Threat model checklist for VLM deployments
When assessing a VLM deployment’s adversarial risk:
- Does the model process user-provided images? If yes, adversarial image attacks apply: both embedding-space attacks and visual prompt injection.
- Is CLIP the vision encoder? Attacks and defenses developed for CLIP transfer directly.
- Does the output text feed into downstream systems or actions? Adversarial manipulation of text outputs is more impactful when the outputs are consumed by automated systems (tool calls, code execution, data access).
- Are image-based safety filters in place? If not, adversarial images can bypass any text-level content filtering.
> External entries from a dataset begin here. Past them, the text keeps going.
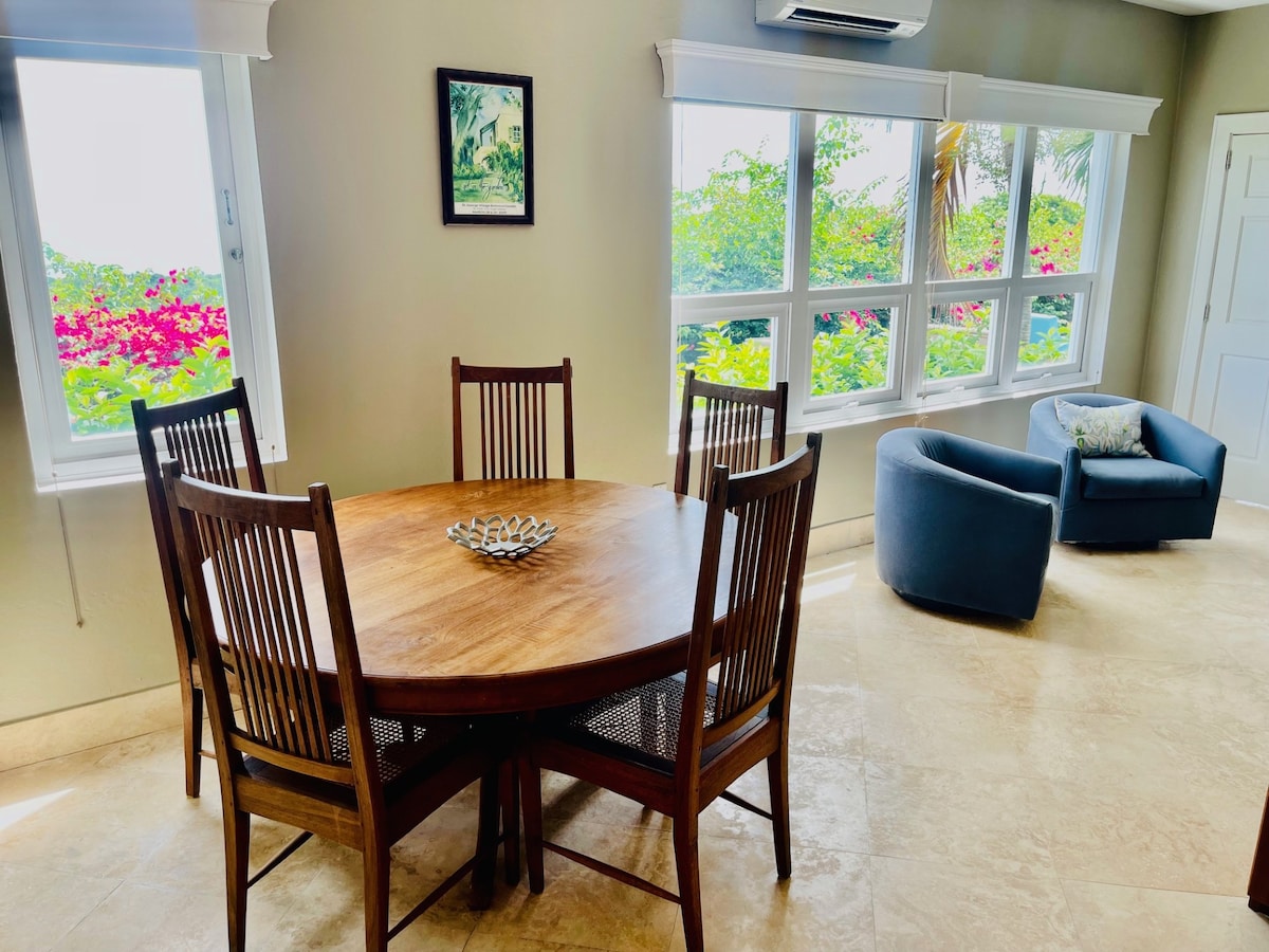 Welcome to Anna’s View—your serene island escape in the exclusive gated community of Shoys. This charming 2-bedroom, 2-bath retreat is ideal for families, corporate travelers, or couples seeking a peaceful getaway. While the outdoor space is cozy, the location is truly exceptional. **Please note - this is a separate apartment, located below a house.
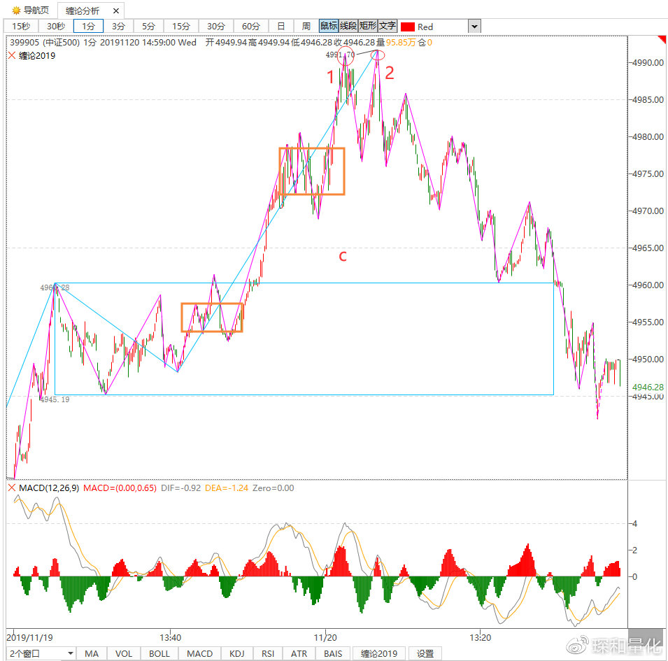 在1分钟图上(如下图),5分钟线段c在1分钟图上走了5段,其中1分钟线段c和线段b明显盘背,这是第二重背驰。现在要确认1分钟线段c结束,继续到内部看结构。
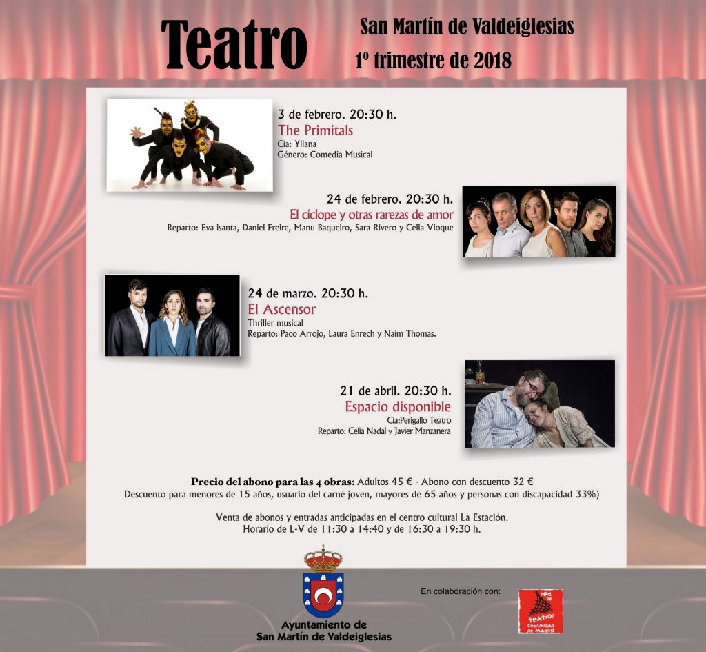 enero 22, 2018Cuatro son las obras de teatro que componen la programación del trimestre en San Martín de Valdeiglesias. La calidad de las obras, con compañías y actores de primera fila es la característica predominante de la temporada, junto con la variedad de género para llegar a todos los públicos.
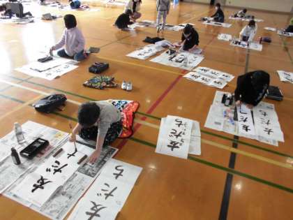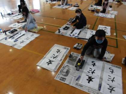 文字は3つだけど,長い紙のどこにどの字を書くか配置を考えるのが難しく,書いた後に文字が小さくなってしまったり上の方へかたよってしまったりしていました。息も静かにしながら集中して自分の納得いく字を書こうと一生懸命な姿がとてもよかったです。
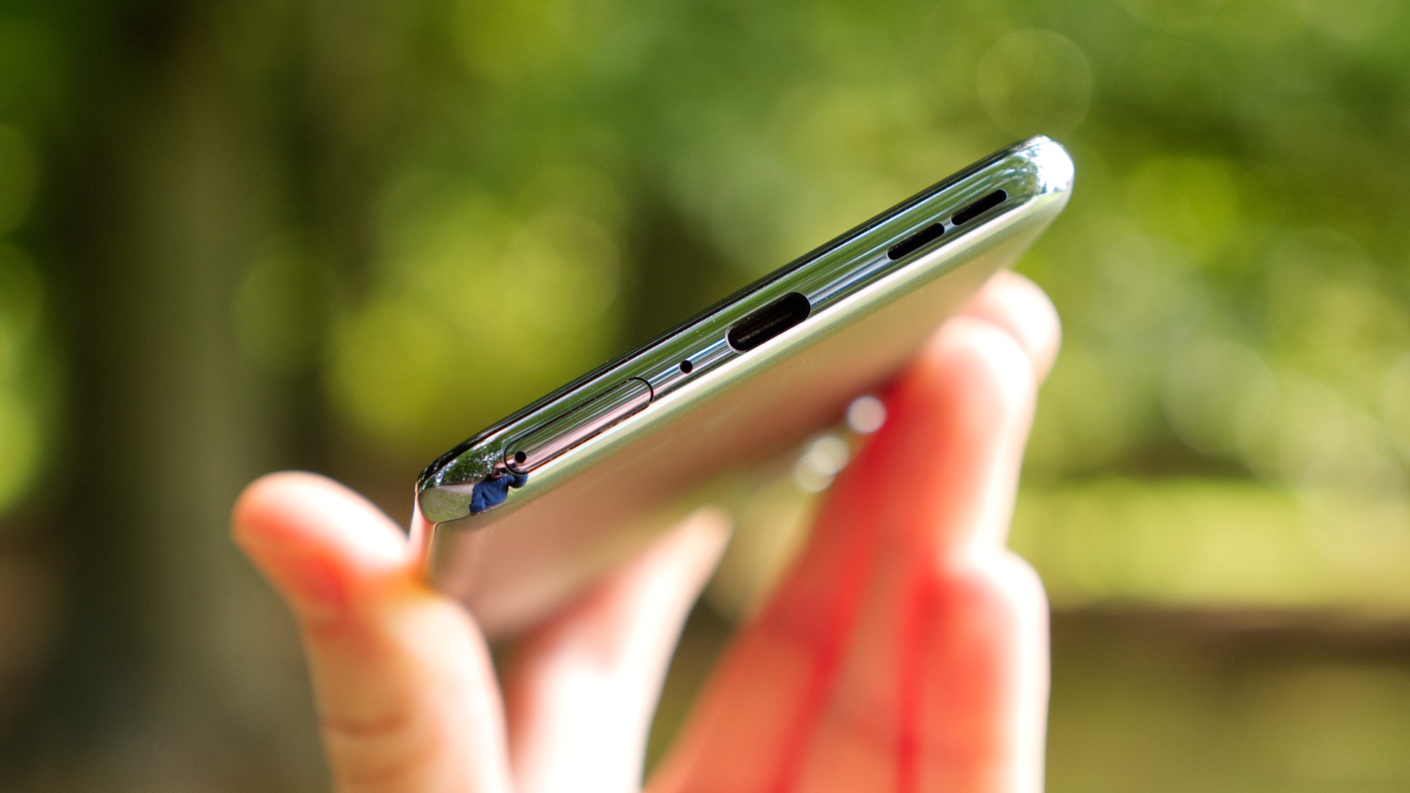 Sidorna är inte riktigt lika påkostade som baksidan. OnePlus har valt plast, ett helt rimligt val för klassen. Plasten har en blank finish som påminner om polerad metall. Längs höger sida finns en på/av-knapp och ett ljudreglage. Ljudreglaget fortsätter att vara en OnePlus-unik funktion i Android-världen, som vi verkligen uppskattar! På/av-knappen är rimligt placerad och ger tillräcklig feedback för att vara enkel att använda. Det samma gäller volymknapparna på vänster sida. Längs ovansidan finns en sekundär mikrofon medan undersidan bjuder på en till mikrofon, en USB-port, en högtalare och en kortplats. Kortplatsen har stöd för dubbla nanoSIM-kort. Det finns ingen plats för microSD-kort och telefonen saknar stöd för eSIM.
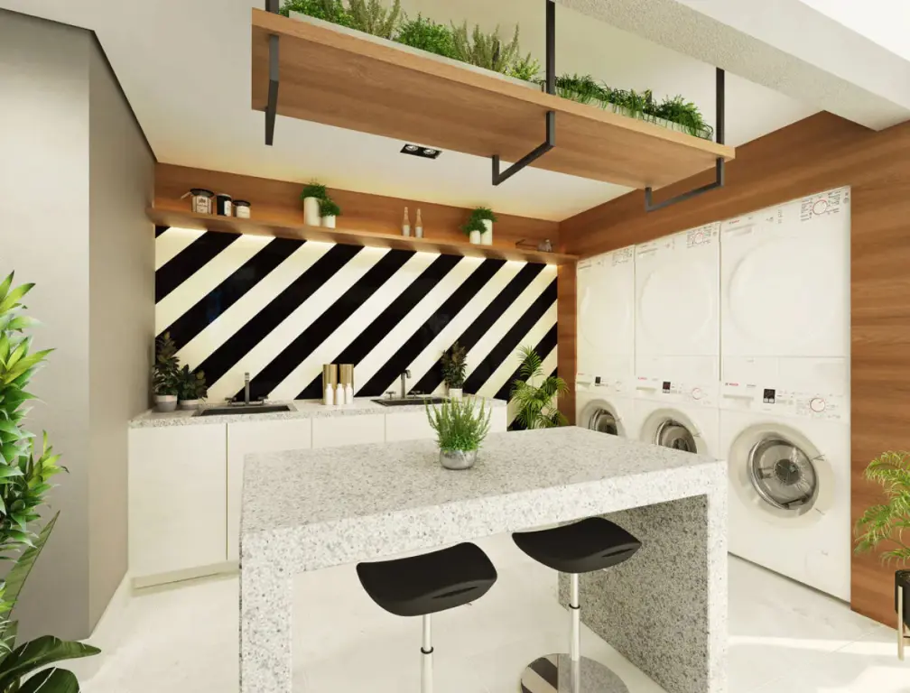 O espaço foi projetado para otimizar cada metro quadrado, oferecendo conforto e sofisticação:
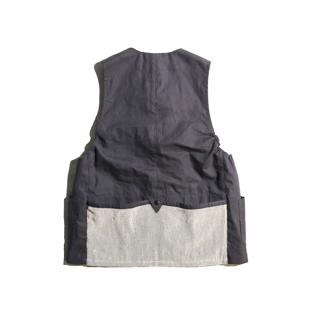he fabric is high density cotton tasser with flame-retardant processing.It is arranged to use parachute bottons instead of duffle bottons.Also, this utility vest has a great capacity of cotton mesh pockets at back. so that it would be safe in outside.
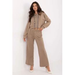Tento dámský teplákový set spojuje eleganci a pohodlí, ideální pro každodenní casual stylizace. Sestava se skládá z mikiny s kapucí a šňůrkami a kalhot s vysokým pasem a vsazenou gumou v pase, vytvářející pohodlný a stylový vzhled. Vyrobený z směsi viskózy a polyesteru, set je příjemný na dotek, elastický a poskytuje volnost pohybu. Celý povrch materiálu zdobí efektní aplikace z jete, která dává sestavě jemný lesk a eleganci. Kalhoty s širokými, dlouhými nohavicemi a bočními kapsami s zipem zvyšují pohodlí používání, zatímco dlouhý rukáv mikiny a kapuce se šňůrkami doplňují funkční design. Je to ideální volba pro ženy, které chtějí spojit pohodlí teplákové soupravy s elegantním vzhledem v každodenních stylizacích.
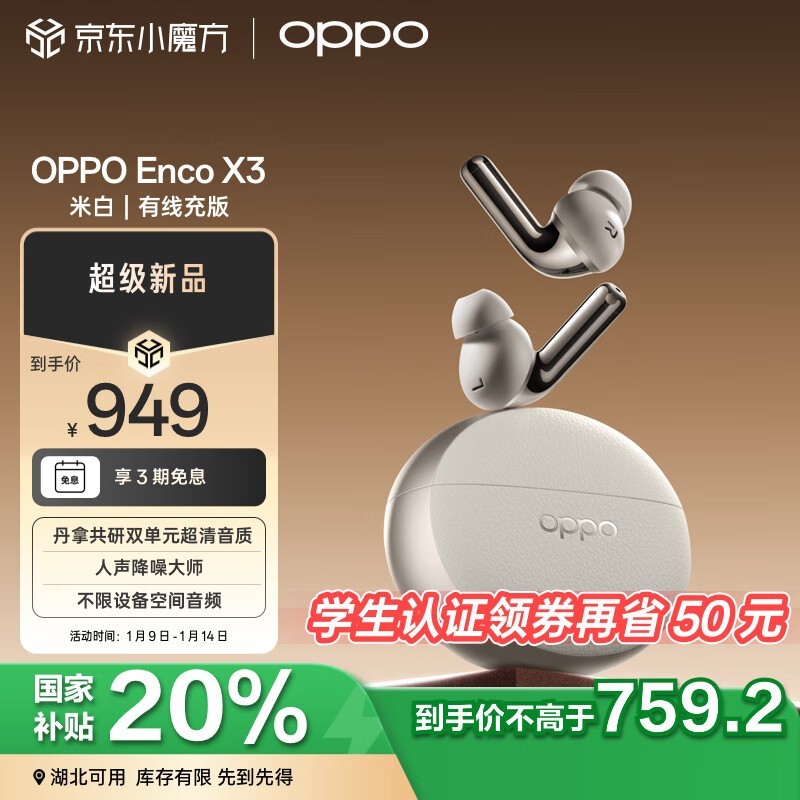 OPPO Enco X3真无线耳机智能降噪通话清晰佩戴舒适
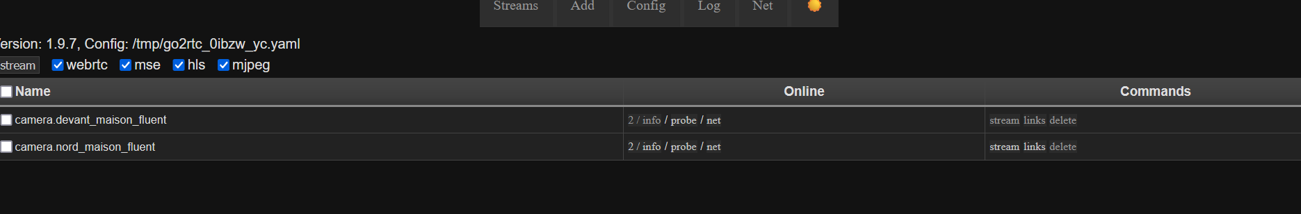 Pour résumer, active et accède à l’UI de go2RTC dans un onglet, lance le flux vidéo de ta caméra depuis HA dans un autre onglet, après un certains temps tu devrais voir apparaître les flux dans go2RTC comme dans mon post (quitte à recharger la page avec F5).
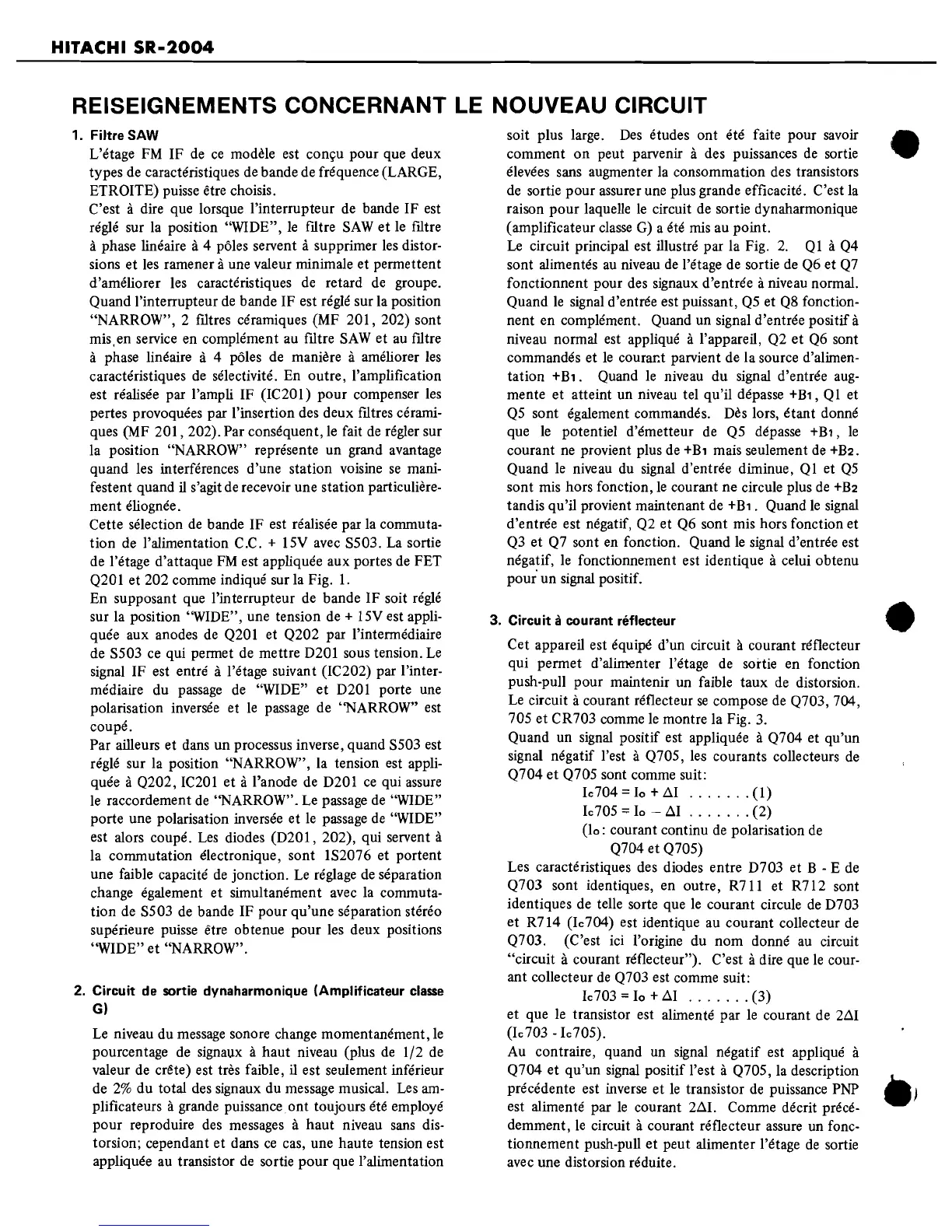 Cet appareil est equipe d'un circuit acourant retlecteur

- Is the model fine-tuned on user data? Data poisoning attacks on the fine-tuning data can implant backdoors.
- What is the retrieval or generation pipeline? CLIP-based retrieval is manipulable by embedding-space attacks on indexed images.
Key papers
- Goh et al., “Multimodal Neurons in Artificial Neural Networks,” Distill 2021
- Qi et al., “Visual Adversarial Examples Jailbreak Aligned Large Language Models,” AAAI 2024 (arXiv:2306.13213 ↗)
- Shan et al., “Glaze: Protecting Artists from Style Mimicry by Text-to-Image Models,” USENIX Security 2023
- Struppek et al., “Rickrolling the Artist: Injecting Backdoors into Text Encoders for Text-to-Image Synthesis,” ICCV 2023 (arXiv:2302.10936 ↗)
- Zhao et al., “On the Adversarial Robustness of Vision-Language Models,” arXiv 2024 (arXiv:2305.16934 ↗)
- Bailey et al., “Image Hijacks: Adversarial Images Can Control Generative Models at Runtime,” arXiv 2023 (arXiv:2309.00236 ↗)
- Dong et al., “How Robust is Google’s Bard to Adversarial Image Attacks?” arXiv 2023 (arXiv:2309.11751 ↗)
VLM adversarial attacks represent the merger of classical adversarial ML with LLM safety concerns. The attack classes — embedding manipulation, visual jailbreaks, visual prompt injection — don’t require new mathematical machinery, but they combine existing techniques in ways that defeat defenses designed for unimodal systems. The image modality creates an attack surface that bypasses text-level safety filtering, that transfers across architectures sharing the same encoder, and that is largely invisible to the users and operators of affected systems.
The upstream building blocks for these attacks are the universal adversarial perturbation geometry (shared dominant directions in CLIP’s embedding space) and the GCG adversarial suffix methodology (optimizing inputs to move model behavior toward an adversary-specified target).